Feel free to ask any questions you might have in raising this little one.

Reti


----------



## naturegirl (Nov 7, 2005)

You know Reti is correct! They make beautiful pet birds and Wonderful companions. Smart as oh heck too. Your baby looks about the same age as mine was when I found her and she is now 11 years old. Out of 5 others she is my favorite and the only one that doesn't make a huge mess all over. Remember too as she sees you she thinks you are Momma and will become very bonded to you. I hope you reconsider but if you don't I hope she/he finds a wonderful home. 

Cindy


----------



## christina11 (Jan 20, 2006)

What a sweet little angel so cute and chubby. 

Nice of you to take care of her/him its a nice pigeon maybe you should keep it there great pets.

But if not there are many ppl who would give it a nice home I would but i think someone else would love to have a pigeon more than me.

Good luck.


----------



## stephie (May 17, 2006)

Just in case you didn't assume so already, thought I'd let everyone know Robin's gonna stay with me.

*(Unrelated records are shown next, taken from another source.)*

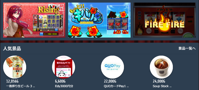 まずは、獲得した通貨で景品交換できるスロット特化型のサイトであることがわかったね。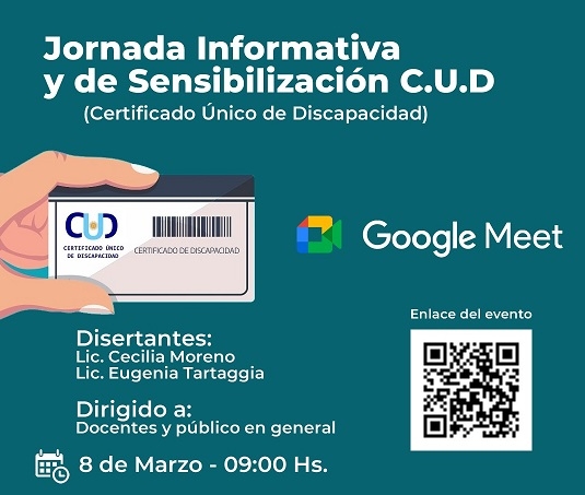 El Ministerio de Educación a través de la Dirección de Educación Especial recuerda a la comunidad docente que este martes 8 de marzo se llevará a cabo la primera “Jornada Informativa y de Sensibilización C.U.D” (Certificado Único de Discapacidad), bajo la modalidad virtual. La misma, contará con la disertación de las licenciadas Cecilia Moreno y Eugenia Tartaggia, de la dirección de Asistencia Integral a Personas con Discapacidad, del Ministerio de Salud.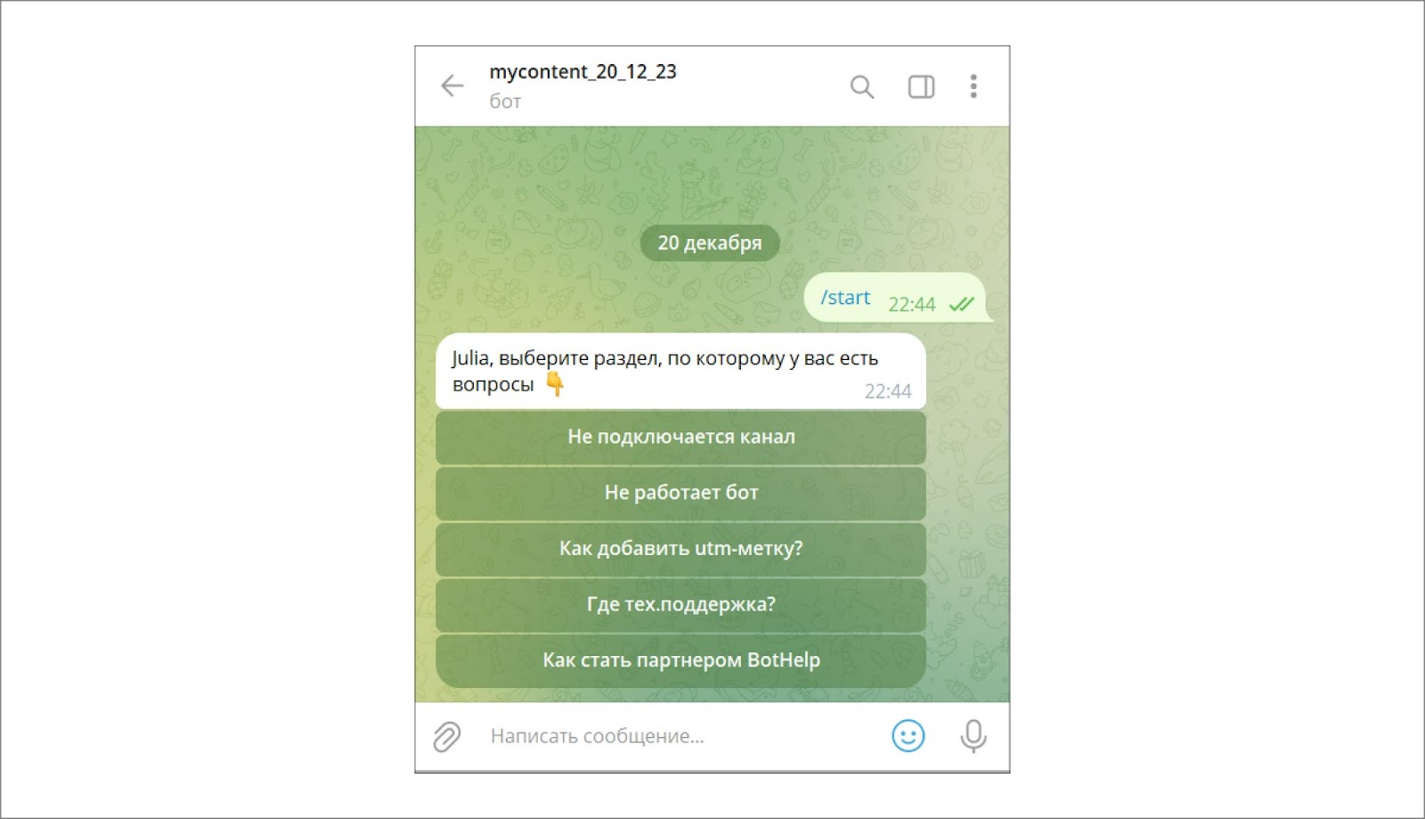 Подробнее о сценариях чат-бота и о типах сообщений, которые он может отправлять, читайте в инструкции в «Базе знаний BotHelp» https://help.bothelp.io/sozdaem-sczenarij-bota-chast1/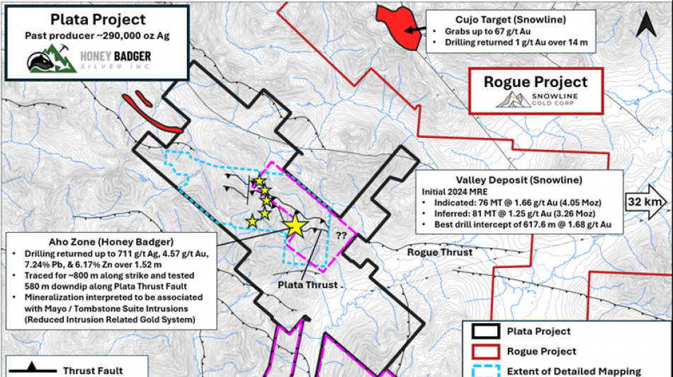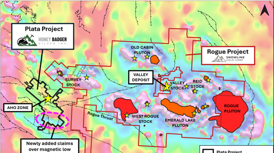 WHITE ROCK, BC / ACCESS Newswire / April 16, 2025 / Honey Badger Silver Inc. (TSXV:TUF)(OTCQB:HBEIF) ("Honey Badger" or the "Company") is pleased to provide an update on its 100%-owned Plata project, located adjacent to Snowline Gold Corp's ("Snowline") major discovery at its Rogue project in the Yukon Territory. The Company has been prioritizing targets to plan the next phase of work on the project.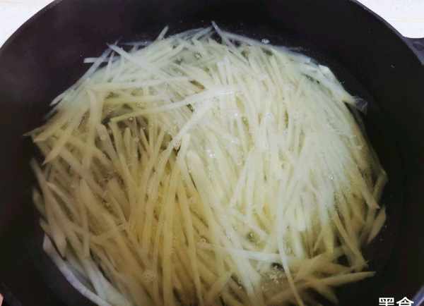 5、锅里面倒入适量的水,先用大火给烧开以后,将土豆丝下进去焯水个1~2分钟左右。然后我们再将土豆丝捞出来,捞出来以后,立即再过几遍凉水,再把水分给沥干。
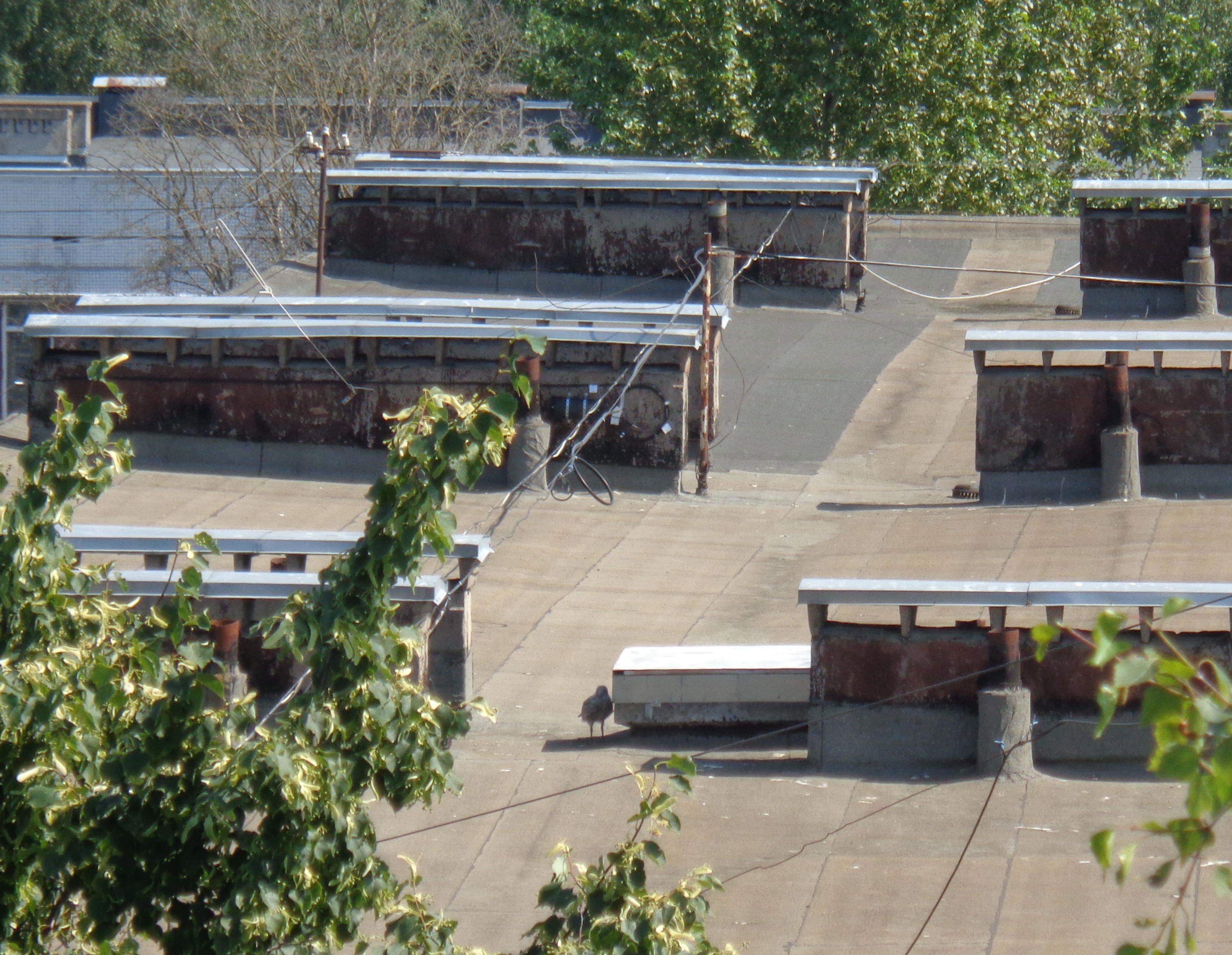 Сфотографировать трудно: далеко, да и окрас у птенцов защитный, сливается с серой крышей. Получилось более-менее зафиксировать одного. Но там их два. Сегодня мы угостили их мамашу куриным хвостом и она отнесла часть птенцам. Те за ней некоторое время бегали по крыше, надеясь на продолжение.

I am so in love with this silly bird, and even though my boyfriend isn't crazy about birds as pets, I just couldn't send him away (the pij, not the boyfriend lol). We have so much fun exploring and snuggling together, I could never give him up now! Thanks to all of yall for teaching me so much and really helping me appreciate just how awesome these crazy birdies are! xoxoxo


----------



## Maggie-NC (Jun 22, 2005)

Stephi, I'm so glad you're keeping Robin. They just "worm" their way into our hearts. Keep us posted on Robin's progress.


----------



## BirdDogg10 (Aug 23, 2005)

I like the name Robin. I have a Beagle mix character named Robin too! Well one thing's for sure you'll have a friend to bond with take it from me and Bentley, the pug puppy who lives with us. He showers me with kisses!


----------